The extent of fault tolerance depends on the OpenVidu deployment type:
- OpenVidu Single Node: it is not fault tolerant. Fault tolerance requires a multi-node deployment.
- OpenVidu Elastic: fault tolerant only for Media Nodes.
- OpenVidu High Availability: fault tolerant for both Media Nodes and Master Nodes.
Fault tolerance in OpenVidu Elastic#
Master Node#
An OpenVidu Elastic deployment has a single Master Node, so a failure on this node is fatal and any ongoing video Rooms will be interrupted. The service won't be restored until the Master Node is recovered.
Media Nodes#
You can have any number of Media Nodes in an OpenVidu Elastic deployment. Media Nodes are stateless, meaning that they do not store critical information about the Rooms, Egress or Ingress processes they are handling. This means that they can be easily replicated in any other Media Node in case of a failure.
In the event of a Media Node failure, there are 3 services affected with the following behaviors:
- Active Rooms hosted by the failed Media Node will suffer a temporary interruption of about 5 seconds (this is the time the clients take to realize the Media Node has crashed). After that time has elapsed, the Room will be automatically reconstructed in a healthy Media Node. Every participant and track will be recreated and the Room will be fully operational again.
- Active Egress hosted by the failed Media Node will be interrupted. If the node's disk is still accessible, egress output files can still be recovered. See Recovering Egress from node failures.
- Active Ingress hosted by the failed Media Node will be interrupted. The participants of the Room will receive the proper events indicating the Ingress participant has left the Room:
TrackUnpublished
andParticipantDisconnected
. Some famous tools for streaming such as OBS Studio will automatically try to reconnect the stream when they detect a connection loss, so in this case interruption will be minimal and the Ingress tracks will be restored on their own on a healthy Media Node.
Fault tolerance in OpenVidu High Availability#
OpenVidu High Availability delivers the highest possible degree of fault tolerance. This is achieved by running all of the services in the Master Nodes and the Media Nodes in their High Availability flavour.
An OpenVidu High Availability deployment runs Master Nodes and Media Nodes in separated groups. Let's see the extent of fault tolerance for each node group:
Master Nodes#
The number of Master Nodes in an OpenVidu High Availability deployment is 4. This minimum number of nodes ensures that every service running in the Master Nodes is fault tolerant.
If one Master Node fails, the service won't be affected. Some users may trigger event Reconnecting
closely followed by Reconnected
, but the service will remain fully operational.
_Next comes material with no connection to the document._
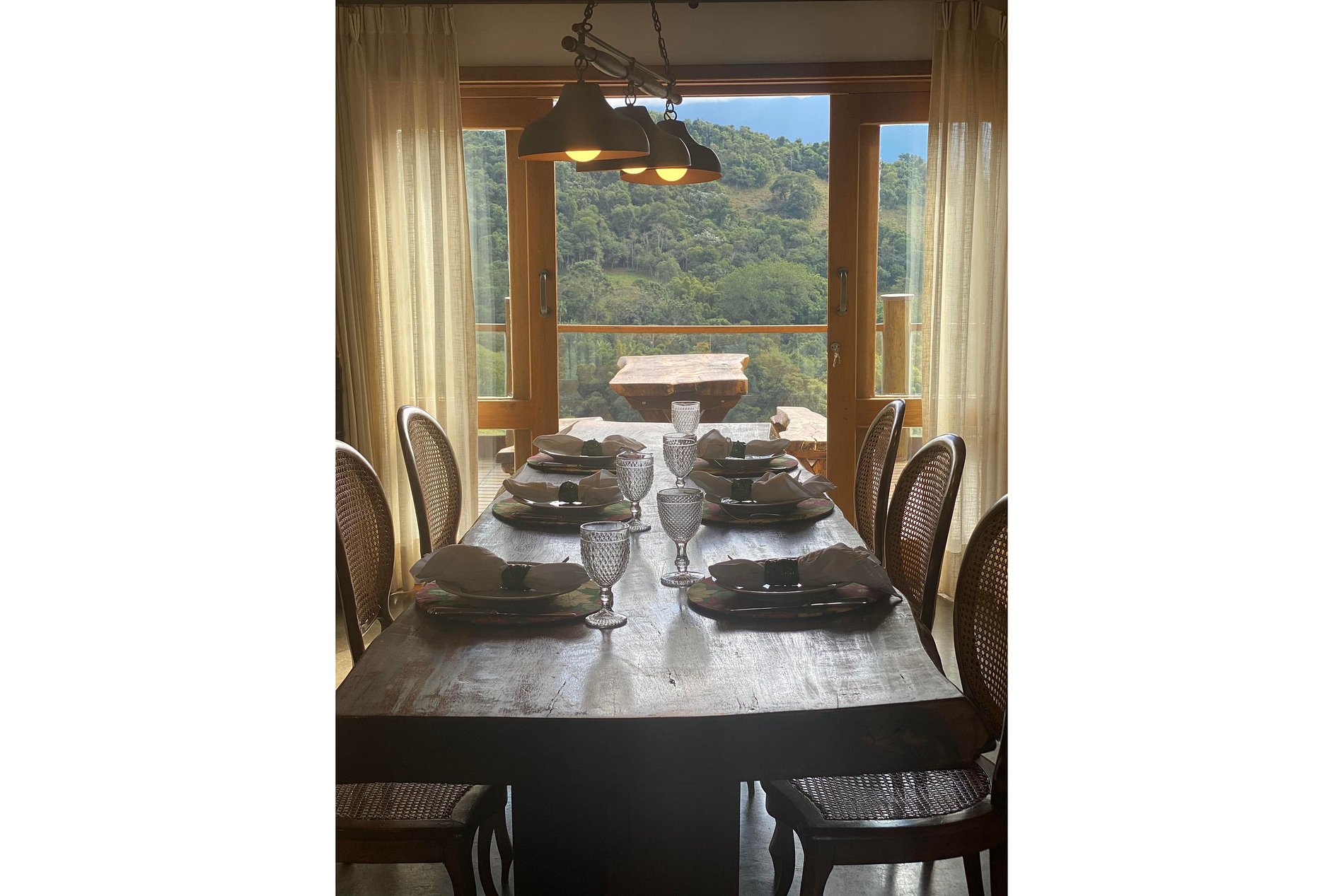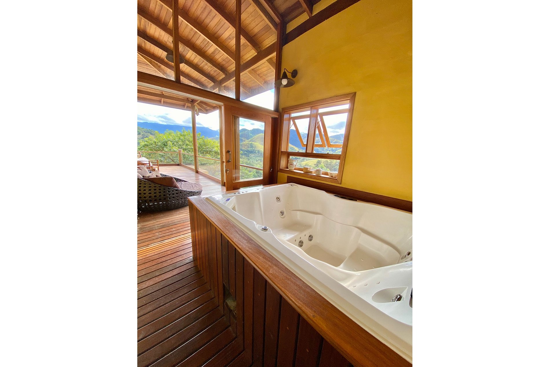 Acomoda confortavelmente 16 pessoas e dispõe também de câmeras de segurança na área externa, piscina com borda infinita e raia de 20m, fogo de chão, bangalô gourmet com vista deslumbrante e equipado com mesa de jantar, sofás, churrasqueira estilo Parrilla e panela de fondue; parque infantil com balanço, ponte e escorregador, pula pula, área no rio para picnic com mesa, permacultura, agrofloresta e horta orgânica, estacionamento amplo, Wi-Fi, TV a cabo Sky, aquecedor a gás e ar condicionado e/ou calefação.

When two or more Master Nodes fail simultaneously, there can be some degradation of the service:
- If two Master Nodes fail, the service will still be operational for the most part. Only active Egress might be affected, as they won't be stored in the Minio storage. See Recovering Egress from node failures.
- If three or four Master Nodes fail, the service will be interrupted.
In the event of Master Node failures, the service will be automatically restored as soon as the failed node(s) are recovered.
Media Nodes#
Fault tolerance of Media Nodes in OpenVidu Elastic behaves the same as in OpenVidu High Availability.
Recovering Egress from node failures#
Egress processes can be affected by the crash of a Master Node or a Media Node. To recover Egress from...
From Master Node failures#
This only applies to OpenVidu High Availability
If 2 Master Nodes crash, the Egress process won't be able to use the Minio storage. This has different consequences depending on the configured outputs for your Egress process:
- For MP4, OGG or WEBM files, if the Egress is stopped when 2 Master Nodes are down, the output files will not be uploaded to Minio.
- For HLS, the segments will stop being uploaded to Minio. If you are consuming these segments from another process, note that new segments will stop appearing.
In both cases, files are not lost and can be recovered. They will be available in the Egress backup path of the Media Node hosting the Egress process (by default /opt/openvidu/egress_data/home/egress/backup_storage
).
From a Media Node failure#
This applies to both OpenVidu High Availability and OpenVidu Elastic
If the Media Node hosting an ongoing Egress process crashes, then the Egress process will be immediately interrupted. But as long as the disk of the crashed Media Node is still accessible, you may recover the output files. They will be available in the Media Node at path /opt/openvidu/egress_data/home/egress/tmp
.
It is possible that if the crashed Egress had MP4 as configured output (which is an option available for Room Composite and Track Composite) the recovered file may not be directly playable and it may require a repair process.